(Stored dataset items)
%%

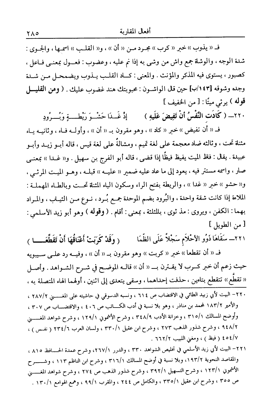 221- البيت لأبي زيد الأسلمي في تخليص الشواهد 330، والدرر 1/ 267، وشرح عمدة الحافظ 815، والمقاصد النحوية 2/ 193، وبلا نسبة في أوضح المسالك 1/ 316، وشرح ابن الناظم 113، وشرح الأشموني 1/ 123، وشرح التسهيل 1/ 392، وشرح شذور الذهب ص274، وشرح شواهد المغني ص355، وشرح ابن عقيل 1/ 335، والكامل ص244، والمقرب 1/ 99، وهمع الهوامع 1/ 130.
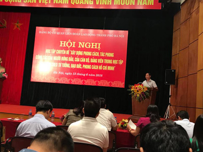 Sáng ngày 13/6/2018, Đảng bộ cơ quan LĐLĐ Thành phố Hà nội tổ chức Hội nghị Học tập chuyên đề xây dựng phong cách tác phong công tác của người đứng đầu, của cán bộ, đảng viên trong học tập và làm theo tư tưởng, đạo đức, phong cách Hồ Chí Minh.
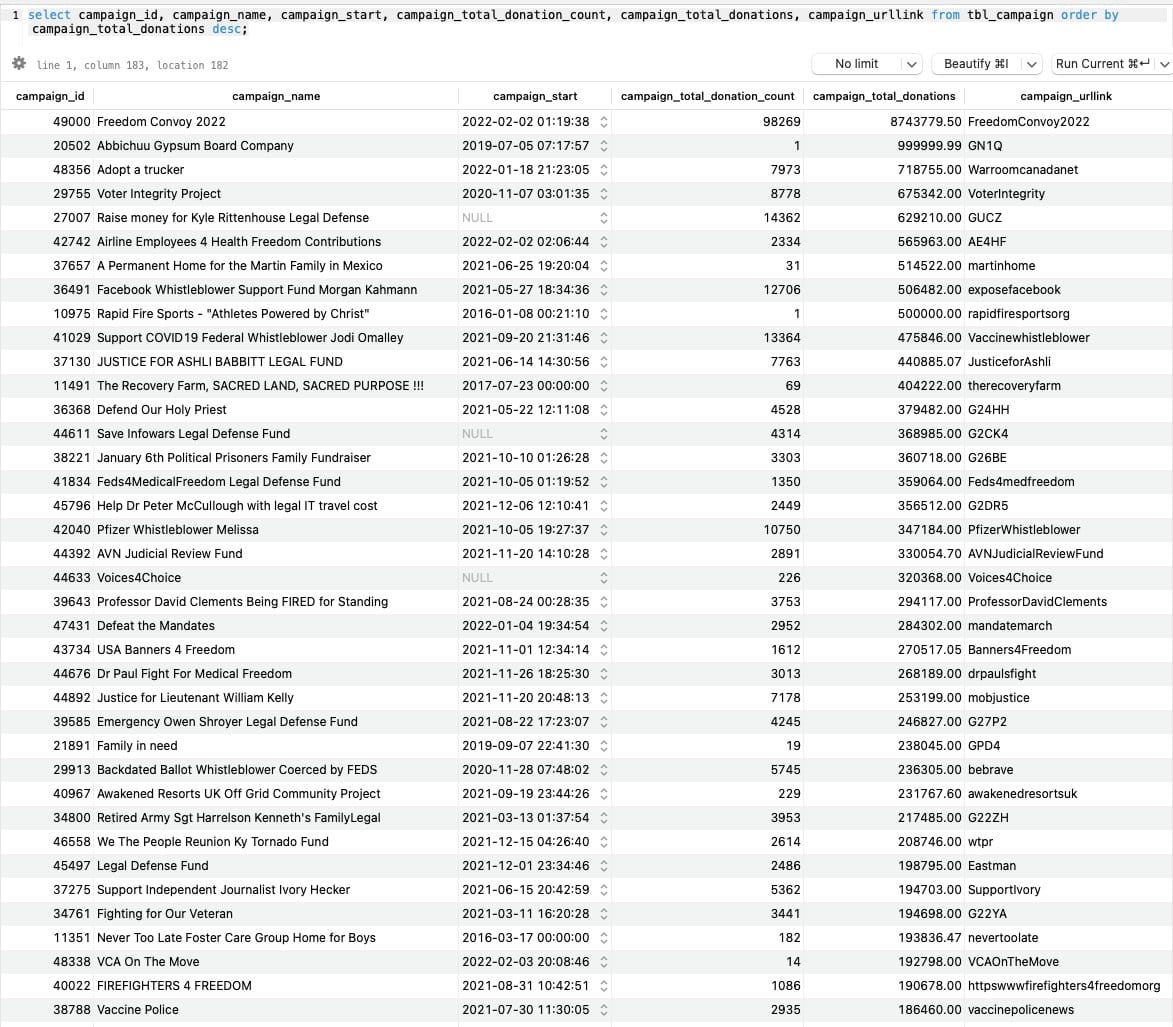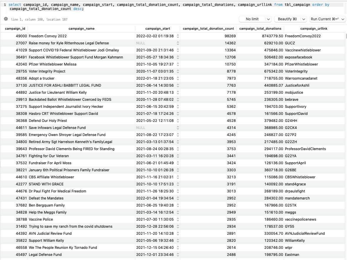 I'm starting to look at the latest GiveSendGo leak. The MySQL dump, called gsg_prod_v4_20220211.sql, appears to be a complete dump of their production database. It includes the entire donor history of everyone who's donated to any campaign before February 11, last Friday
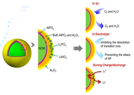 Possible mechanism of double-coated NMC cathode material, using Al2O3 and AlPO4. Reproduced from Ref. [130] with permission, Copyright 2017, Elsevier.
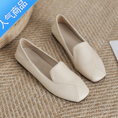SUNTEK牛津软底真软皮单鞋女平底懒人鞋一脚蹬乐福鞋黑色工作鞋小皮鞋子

%%

▶ DIRECTIONS: Before duplicating the entries above, strip out the pictures and keep the rest exact.

▶ SOLUTION FOR THIS EXERCISE:
 221- البيت لأبي زيد الأسلمي في تخليص الشواهد 330، والدرر 1/ 267، وشرح عمدة الحافظ 815، والمقاصد النحوية 2/ 193، وبلا نسبة في أوضح المسالك 1/ 316، وشرح ابن الناظم 113، وشرح الأشموني 1/ 123، وشرح التسهيل 1/ 392، وشرح شذور الذهب ص274، وشرح شواهد المغني ص355، وشرح ابن عقيل 1/ 335، والكامل ص244، والمقرب 1/ 99، وهمع الهوامع 1/ 130.
 Sáng ngày 13/6/2018, Đảng bộ cơ quan LĐLĐ Thành phố Hà nội tổ chức Hội nghị Học tập chuyên đề xây dựng phong cách tác phong công tác của người đứng đầu, của cán bộ, đảng viên trong học tập và làm theo tư tưởng, đạo đức, phong cách Hồ Chí Minh.
 I'm starting to look at the latest GiveSendGo leak. The MySQL dump, called gsg_prod_v4_20220211.sql, appears to be a complete dump of their production database. It includes the entire donor history of everyone who's donated to any campaign before February 11, last Friday
 Possible mechanism of double-coated NMC cathode material, using Al2O3 and AlPO4. Reproduced from Ref. [130] with permission, Copyright 2017, Elsevier.
SUNTEK牛津软底真软皮单鞋女平底懒人鞋一脚蹬乐福鞋黑色工作鞋小皮鞋子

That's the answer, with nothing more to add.